Join our community of smart investors

Tesco's US hopes go stale

Supermarket giant announces plans to pull out of the US as it faces serious headwinds across the business
December 5, 2012

Tesco (TSCO) has announced plans to scrap its floundering Fresh & Easy business in the US on the back of consistently disappointing results. Chief executive Philip Clarke said the company was beginning a "strategic review" because the venture had not delivered acceptable shareholder returns in the right time frame. Third quarter like-for-like sales performance in the US dipped to 1.8 per cent.

IC TIP: Hold at 337.8p

Mr Clarke said he was considering "all options for the business" including a sale or partnership, but this is effectively the end of its US adventure. He added: "While the business has many positives, its journey to scale and acceptable returns will take too long relative to other opportunities." Fresh & Easy chief executive Tim Mason is to leave Tesco after 30 years service.

The announcement is the latest in a string of bad news for the supermarket giant, including a profit warning earlier this year, a £153m loss at Fresh & Easy in the last financial year and an exit from operations in Japan. Tesco is 11 months into a recovery plan put together by Mr Clarke.

The announcement overshadowed lacklustre quarterly results, which saw like-for-like group sales for the third quarter fall by 1.3 per cent, excluding petrol. Despite this, Tesco’s share price rallied in response to the US pull-out by 3.4 per cent to 337.8p. In the UK, like-for-like sales excluding petrol and VAT fell by 0.1 per cent.
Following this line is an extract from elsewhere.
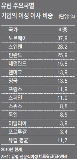 유럽 기업들의 이사회 여성 비율은 평균 11.7%. 이사회 의장 비율은 훨씬 더 떨어져 3%에 불과하다. 미국도 사정은 다르지 않다. 포브스에 따르면 미국 대기업 여성 이사는 전체의 12% 선이고 상장(上場) 대기업의 30%가량은 여성 이사가 한 명도 없다.

In Europe, sales excluding petrol fell by 3.6 per cent, reflecting declining economic growth in Eastern Europe, while in Asia like-for-like sales fell by 1.2 per cent.

Stripping out the drag of general merchandise, third quarter UK like-for-like sales in food were up 1.2 per cent, although inflation may have boosted these figures.

Seymour Pierce analyst Kate Calvert has Tesco on a reduce recommendation, saying there is a high risk things will get worse before they get better. With little visibility on when UK performance is likely to bottom out, she says there are better investment opportunities elsewhere in the non-food sector. Seymour Pierce forecasts 2013 profit before tax, exceptionals and property of £3.2bn, giving EPS of 30.7p.